For years now, they’ve had sexed semen so you can extend the dairy yield while ensuring that you can produce angusXholstein steers as offspring from your poorest performing dairy cows.

They are now doing HolsteinXweygu steers which I’m eager to try. Waygu is far too rich to eat as a side of beef, but a tough old Holstein DNA mixed with a tiny 800lb Waygu would probably be the best eating 1200lb steer money could buy. I’m eager to try a side of beef from this cross, a perfect solution to the dairy industry while also giving justification as to why an ungraded steer should be worth $7 a pound hanging.
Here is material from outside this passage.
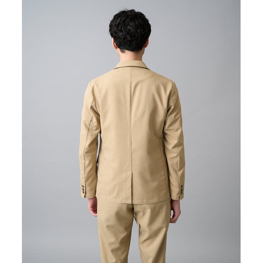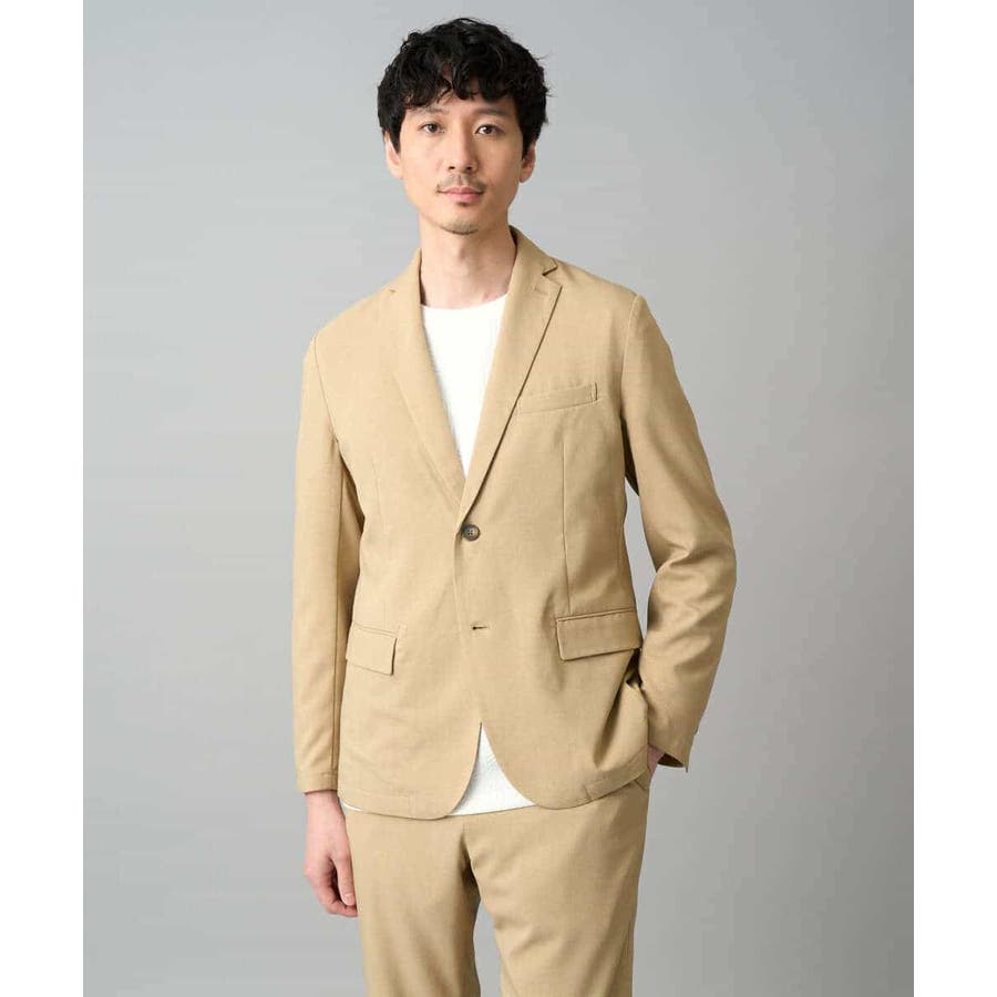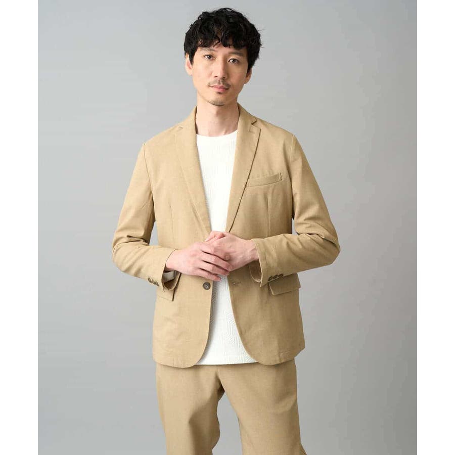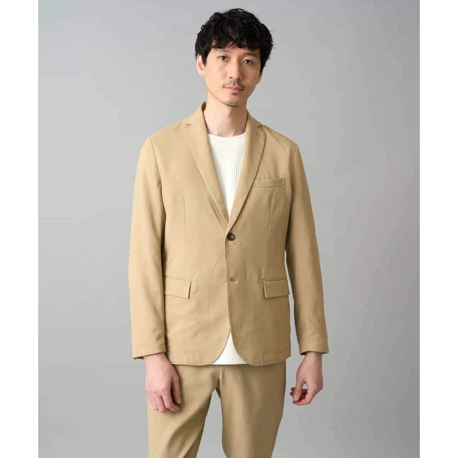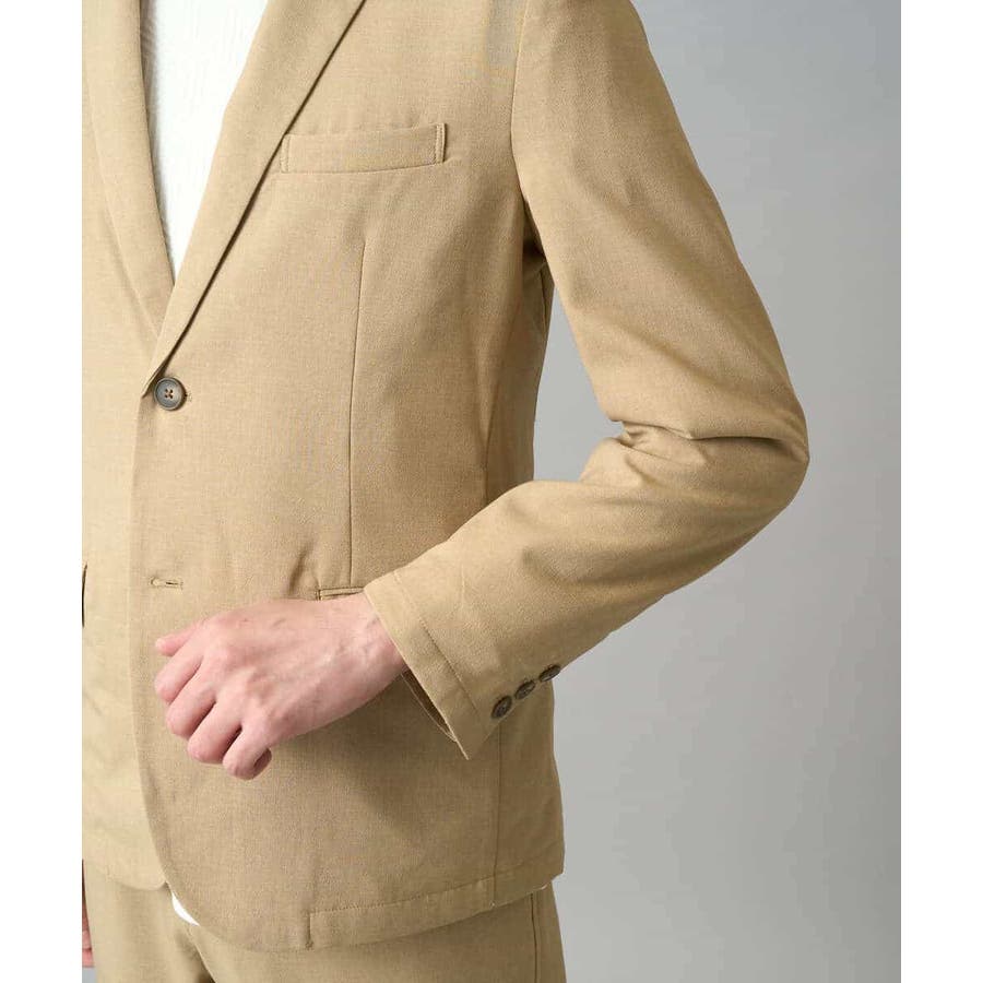 上品見えな素材でポリエステル100%のナチュラルストレッチのため、見た目以上に軽くラクチンに羽織れるアイテムです。

Anyone tried a dairyXwaygu steer yet?

Holstein actually has some of the best marbled ribeyes of any breed, problem is these consumer doesn’t want a 6oz ribeye.

I’d like to get my hands on the Holstein Wagyu cross as I’m sure it will be amazing.

I have a buddy with a Wagyu operation and often receive meat to cook at charity fundraisers; the Wagyu is different to cook with 20% less cooking time on the briskets due to fat content.
 
A few of my Son In Laws cattle. And a few of mine out on pasture. They get fed hay, corn silage and corn during the winter months. And the taste is noticeably better than Walmart type meat.

It’s always entertaining hearing first timers, eating small producer beef compared to feedlot and the big 4 processors quality.

Save yourself money and find a local “small producer” it helps him. And your taste buds and wallet will thank you. Make sure it’s handled and processed correctly and you will be a happy shopper and eater.